In their own sweet, quirky, and endearing way, my children would try to be honest and polite when speaking with grownups. On a day before the start of first grade, Boy Two was playing the part of public relations/spokesperson for the duo when he replied, “September is not my favorite month.”

I couldn’t help but laugh. He said it with such sincerity! Now any time our summers are interrupted by questions about school we laugh and use that as our standard answer.

Thankfully, homeschooling has made that first day less loathsome, but none of us are waving the pompoms as we contemplate getting back into the daily routine of cracking open the books. Once we get started we are fine, but we do love the laid back days of summer!
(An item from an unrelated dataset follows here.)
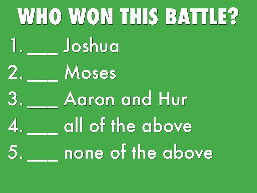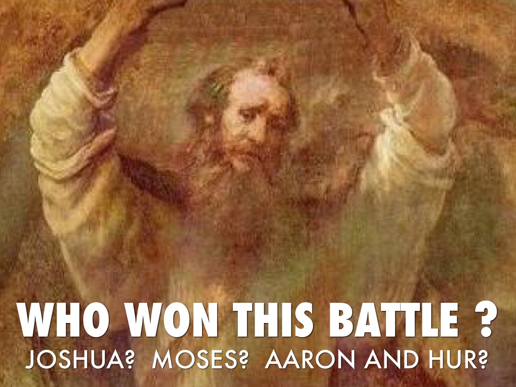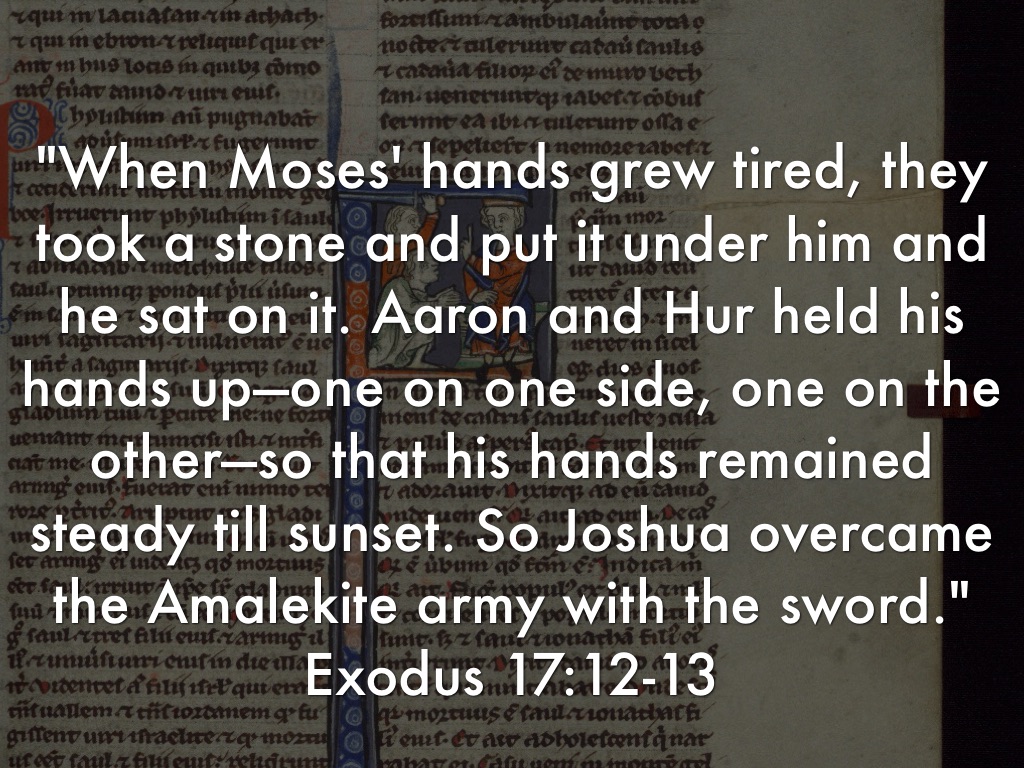 "So Joshua fought the Amalekites as Moses had ordered, and Moses, Aaron and Hur went to the top of the hill. As long as Moses held up his hands, the Israelites were winning, but whenever he lowered his hands, the Amalekites were winning." Exodus 17:10-11

It was for this reason I learned to begin gently.

We have some traditions that help us jump start each year.

These rituals are the tiny sparks that start to smolder and eventually ignite the brain cells to get back into the swing of hings.

Our favorite is “not back to school” day.  When yellow buses roll out and our publicly schooled friends attend their first day of classes, we celebrate our break from this lifestyle by sleeping late, going out for lunch, and catching a movie matinee.

The next day, when we officially begin our new grade level, I make a special breakfast.

After we eat, I surprise my students with some new games, books, and clothes for the school year. We spend the first day simply checking out the new curriculum, setting up a schedule, and listing our goals.

new shirt

While they don’t exactly cheer the start of each new school day, we do manage to enjoy our time together. They are bright students and I love helping them learn.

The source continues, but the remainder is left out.